▶ Input data
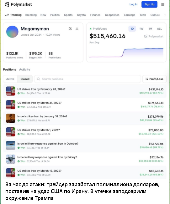 Есть такая старая трейдерская поговорка: «Покупай на слухах, продавай на фактах». Но что, если слухи доступны не всем, а только тем, кто сидит в нужных кабинетах? В ночь на 28 февраля, когда мир еще не знал, что через несколько часов по Тегерану ударят ракеты, на платформе Polymarket происходило нечто странное. Аккаунты, созданные за несколько дней до атаки, одна за другой грузили десятки тысяч долларов на победу с вероятностью 17%. Когда новость об ударе разлетелась по СМИ, эти люди проснулись миллионерами. Общий выигрыш шести подозрительных аккаунтов — $1,2 млн. А один особенно удачливый трейдер под ником Magamyman заработал $515 000 за сутки . Совпадение? В мире финансов это называется инсайдерской торговлей. И по законам большинства стран за это сажают в тюрьму. Но есть одна пикантная деталь: сын президента США Дональд Трамп-младший входит в консультативный совет платформы Polymarket . И это не первый раз, когда окружение Трампа каким-то мистическим образом оказывается в нужном ме
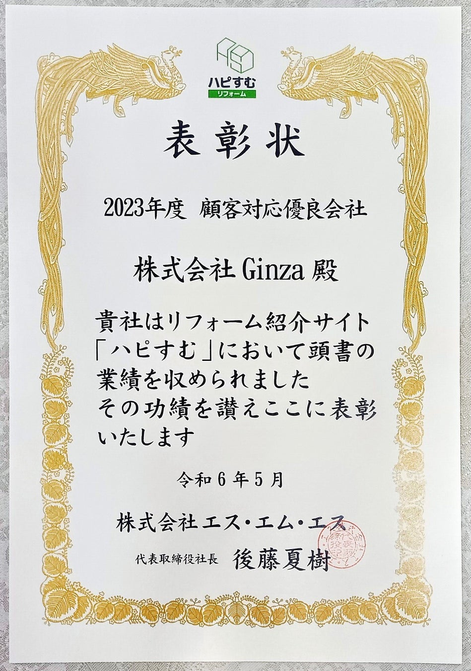 併せて、リフォームマッチングサイト「ハピすむ」が主催する「2023年度表彰制度」において、全国1,000社以上の加盟リフォーム会社の中から、2度目の「顧客対応優良会社」として表彰されました。
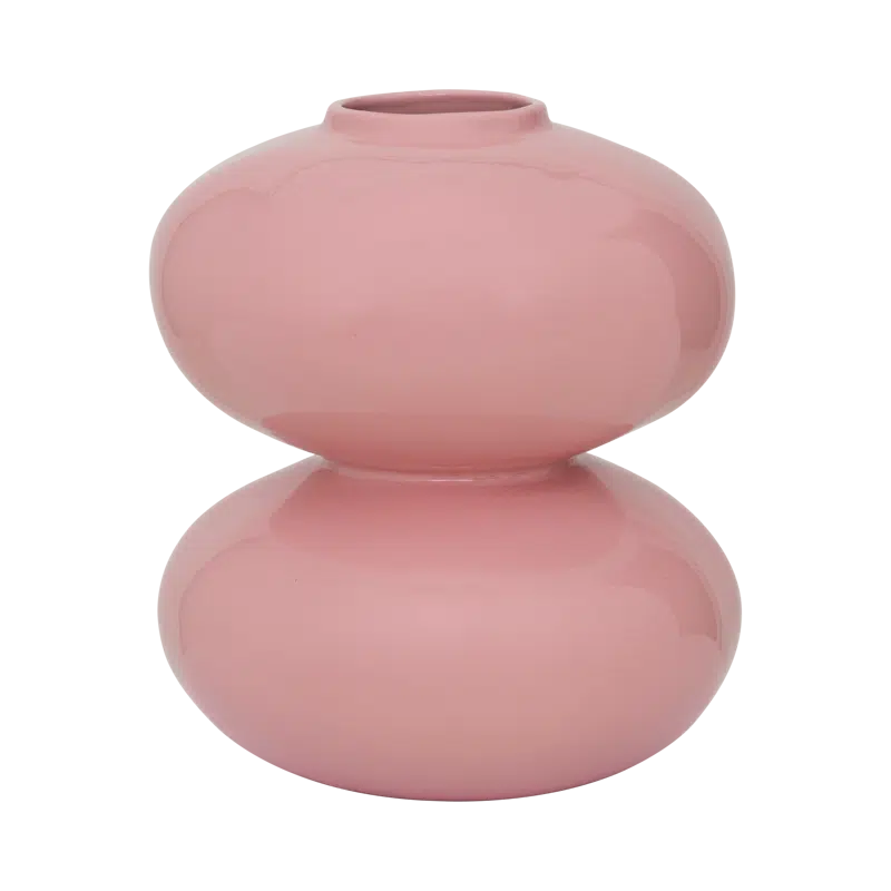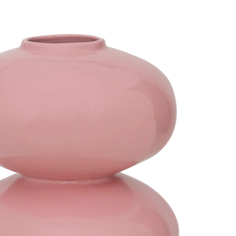 Een organisch gevormde keramische vaas van Urban Nature Culture in een zachte, milde roze kleur, afgewerkt met een glanzende glans en gemaakt in Portugal. De gestapelde, bolvormige vormen creeren een speels en toch verfijnd silhouet.
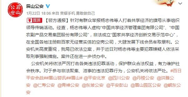 “针对有群众举报杨志伟等人打着共享经济的旗号从事组织领导传销活动。经查,杨志伟等人虚构‘中国共享经济管理集团有限公司’、‘中国农副产品交易集团股份有限公司’,非法成立‘国家共享经济创新交易示范中心’,在全国各地注册数百家无经营实体的空壳公司,大肆发展下线会员牟取暴利。”
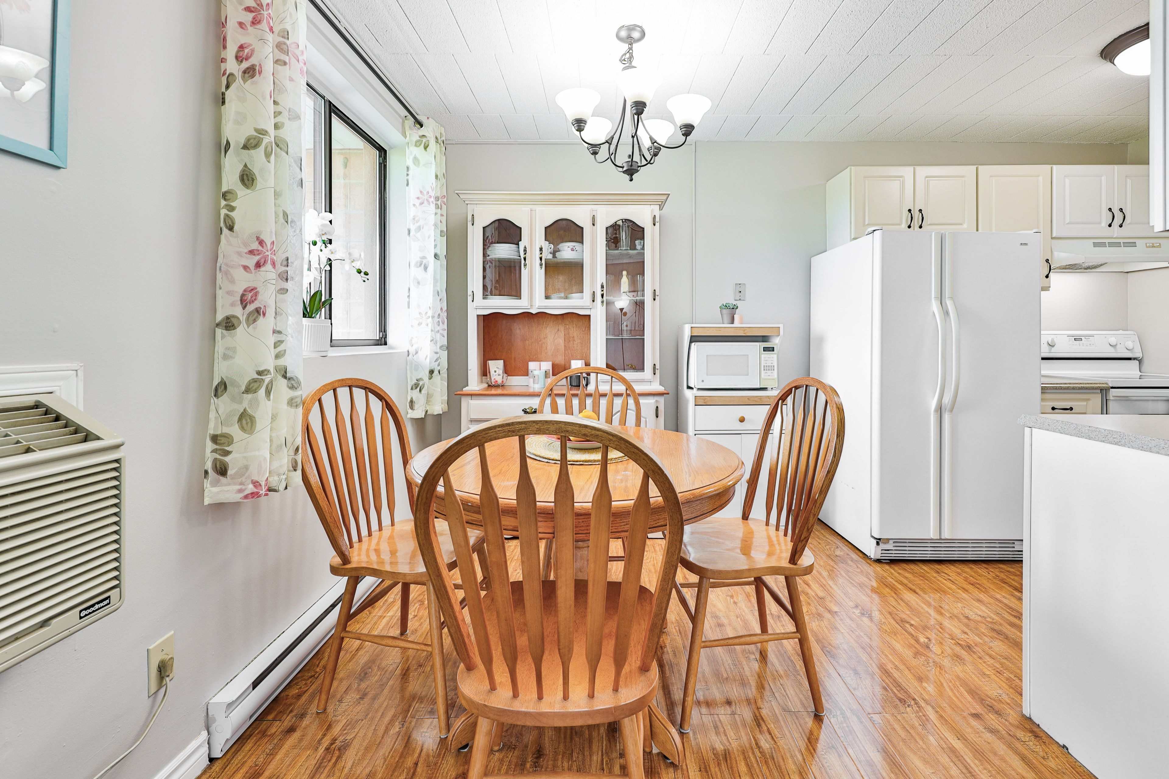 • Cozy dining area and tasteful galley kitchen with hardwood floors.

▶ Task to complete
Please repeat each record above precisely, with the pictures left out.

▶ Task result
 Есть такая старая трейдерская поговорка: «Покупай на слухах, продавай на фактах». Но что, если слухи доступны не всем, а только тем, кто сидит в нужных кабинетах? В ночь на 28 февраля, когда мир еще не знал, что через несколько часов по Тегерану ударят ракеты, на платформе Polymarket происходило нечто странное. Аккаунты, созданные за несколько дней до атаки, одна за другой грузили десятки тысяч долларов на победу с вероятностью 17%. Когда новость об ударе разлетелась по СМИ, эти люди проснулись миллионерами. Общий выигрыш шести подозрительных аккаунтов — $1,2 млн. А один особенно удачливый трейдер под ником Magamyman заработал $515 000 за сутки . Совпадение? В мире финансов это называется инсайдерской торговлей. И по законам большинства стран за это сажают в тюрьму. Но есть одна пикантная деталь: сын президента США Дональд Трамп-младший входит в консультативный совет платформы Polymarket . И это не первый раз, когда окружение Трампа каким-то мистическим образом оказывается в нужном ме
 併せて、リフォームマッチングサイト「ハピすむ」が主催する「2023年度表彰制度」において、全国1,000社以上の加盟リフォーム会社の中から、2度目の「顧客対応優良会社」として表彰されました。
 Een organisch gevormde keramische vaas van Urban Nature Culture in een zachte, milde roze kleur, afgewerkt met een glanzende glans en gemaakt in Portugal. De gestapelde, bolvormige vormen creeren een speels en toch verfijnd silhouet.
 “针对有群众举报杨志伟等人打着共享经济的旗号从事组织领导传销活动。经查,杨志伟等人虚构‘中国共享经济管理集团有限公司’、‘中国农副产品交易集团股份有限公司’,非法成立‘国家共享经济创新交易示范中心’,在全国各地注册数百家无经营实体的空壳公司,大肆发展下线会员牟取暴利。”
 • Cozy dining area and tasteful galley kitchen with hardwood floors.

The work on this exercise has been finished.